The graveyard roses

Your tone’s a knife — carving ink-blot syllables,
rust-and-oil-despicable, you’re hurling gazes
laced with deep contempt, with thistle words
and soot I’m suffocated, I am a stranded fish.

We pick in wiltedness the thorns of grave-
yard roses sick with Blake’s disease, a worm
of midnight fingertips, pressed darkly against
our temples, we are burning bridges tenderly.

Thunderhead emotions, seaside seaweed-rot
as silence finger-paints the hidden sky
where starving constellations cannot show the way
we feed the kilns; a pyre for what’s past.

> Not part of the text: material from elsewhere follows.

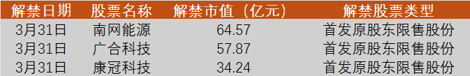 Wind数据显示,本周A股市场将有25只股票面临解禁,合计解禁数量为20.22亿股,按最新收盘价计算,合计解禁市值为207.84亿元,较本周解禁市值环比减少55.34%。从解禁股情况来看,本周解禁市值排名前3的是南网能源、广合科技、康冠科技,解禁市值分别为64.57亿元、57.87亿元、34.24亿元,解禁日期均为3月31日,同时都是首发原股东限售股份。

Jackson Pollock, No 8 Black Flowing

Jackson Pollock, No 8 Black Flowing

Linked to Magpie Tales

19 responses to “The graveyard roses

  1. I like how your poem gave us a glimpse inside the emotional turmoil that we think was the artist.

    Very chilling and good at the same time.

  2. Holy moly, this feels so delicious on my tongue, the literary devices are killing (in a good way). Your intepretation of the image is raw, suitable and for some reason it remains me of C. Dickens.

  3. That first line is wonderful. It says so much… about the work, the style, and the essence of what it might inspire in other people. A knife can be for killing… or for reshaping… or for cutting out decay.


  4. I would say amazing write, and add it is one of the best I read from you so far. I can’t pinpoint exactly what makes me feel so, but there is just some reality in the weaved atmosphere, like a tremor.